> **PROBLEM**:
Give back every line of the material below exactly, but no images.

> **GIVEN DATA**:
********

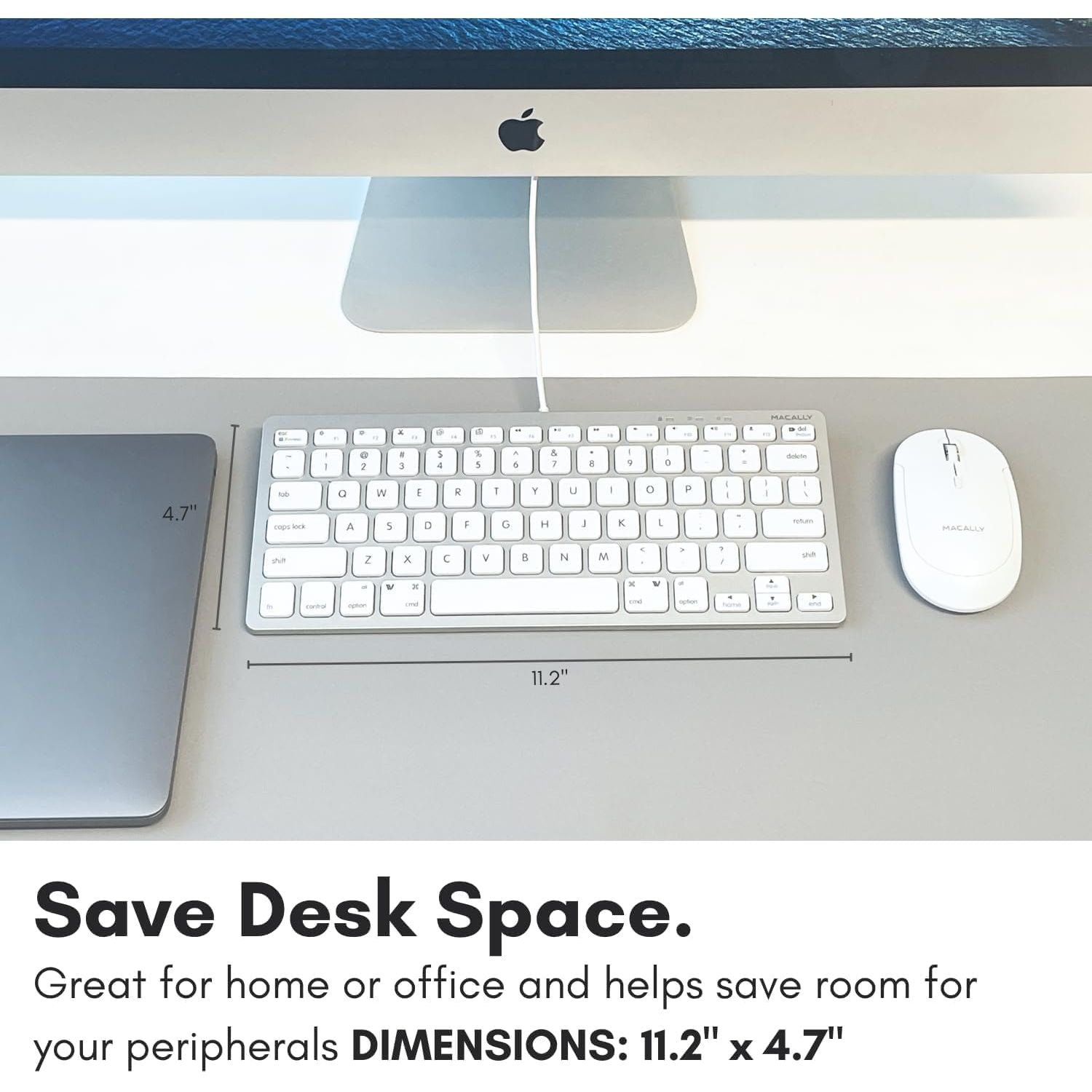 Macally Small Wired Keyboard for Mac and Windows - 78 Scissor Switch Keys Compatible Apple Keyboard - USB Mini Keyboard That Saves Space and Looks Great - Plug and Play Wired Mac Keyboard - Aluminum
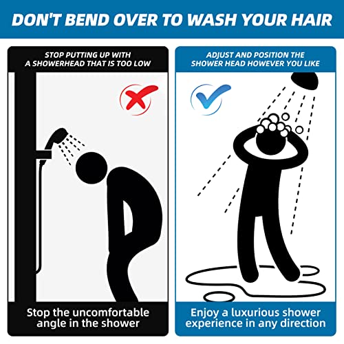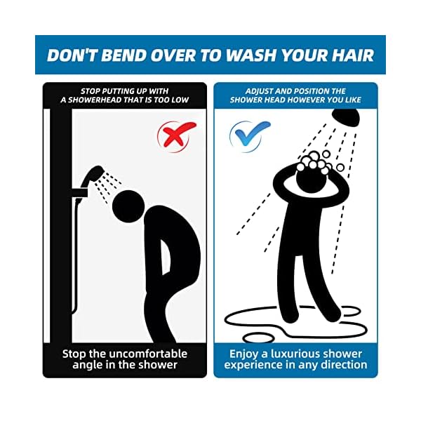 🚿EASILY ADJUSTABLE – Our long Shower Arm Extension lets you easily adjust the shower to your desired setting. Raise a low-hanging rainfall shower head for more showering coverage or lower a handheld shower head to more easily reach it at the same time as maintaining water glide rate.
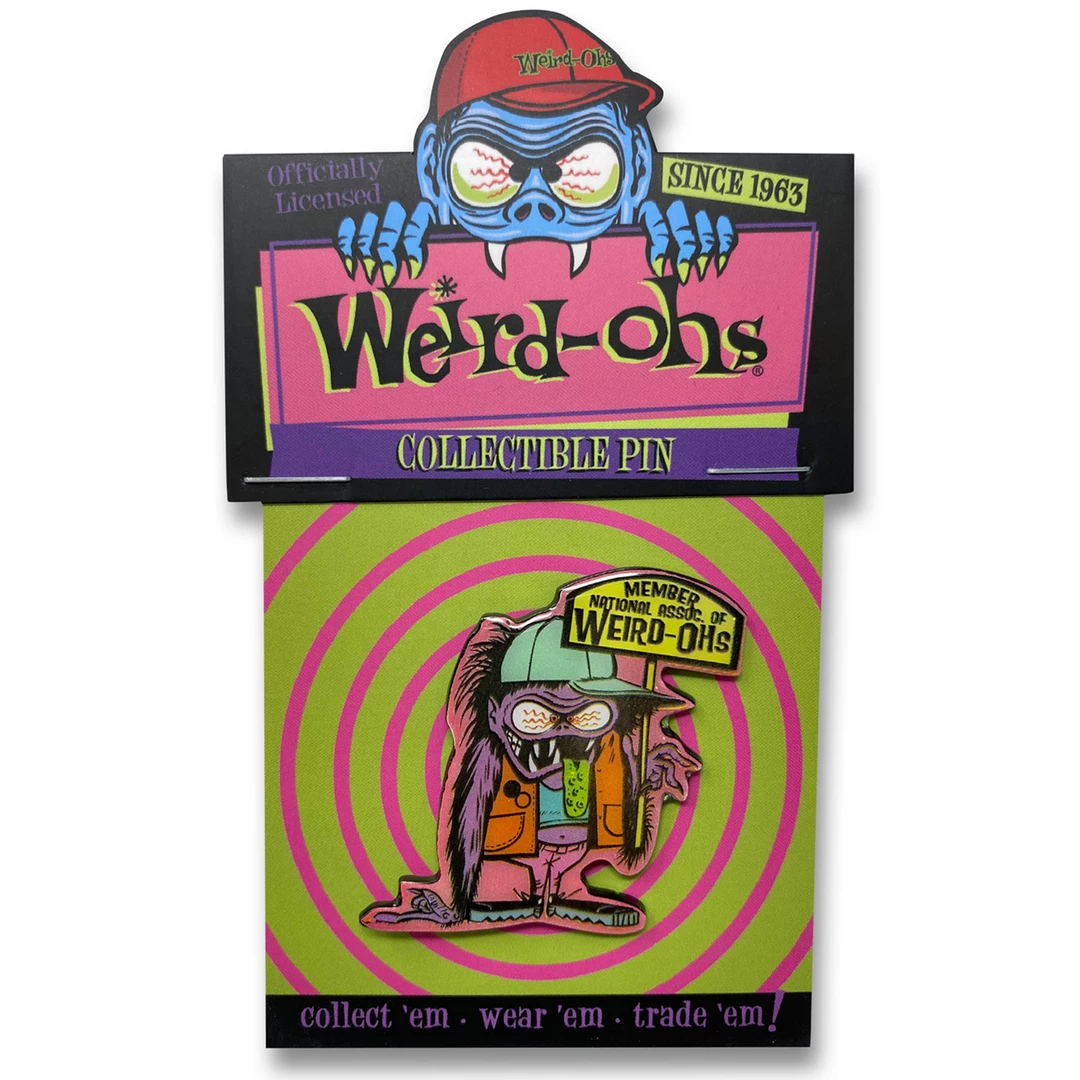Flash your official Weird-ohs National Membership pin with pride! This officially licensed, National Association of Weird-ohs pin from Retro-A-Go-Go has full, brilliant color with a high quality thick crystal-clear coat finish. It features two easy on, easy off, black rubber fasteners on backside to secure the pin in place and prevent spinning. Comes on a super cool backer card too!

********

> **WRITTEN RESPONSE**:
 Macally Small Wired Keyboard for Mac and Windows - 78 Scissor Switch Keys Compatible Apple Keyboard - USB Mini Keyboard That Saves Space and Looks Great - Plug and Play Wired Mac Keyboard - Aluminum
 🚿EASILY ADJUSTABLE – Our long Shower Arm Extension lets you easily adjust the shower to your desired setting. Raise a low-hanging rainfall shower head for more showering coverage or lower a handheld shower head to more easily reach it at the same time as maintaining water glide rate.
Flash your official Weird-ohs National Membership pin with pride! This officially licensed, National Association of Weird-ohs pin from Retro-A-Go-Go has full, brilliant color with a high quality thick crystal-clear coat finish. It features two easy on, easy off, black rubber fasteners on backside to secure the pin in place and prevent spinning. Comes on a super cool backer card too!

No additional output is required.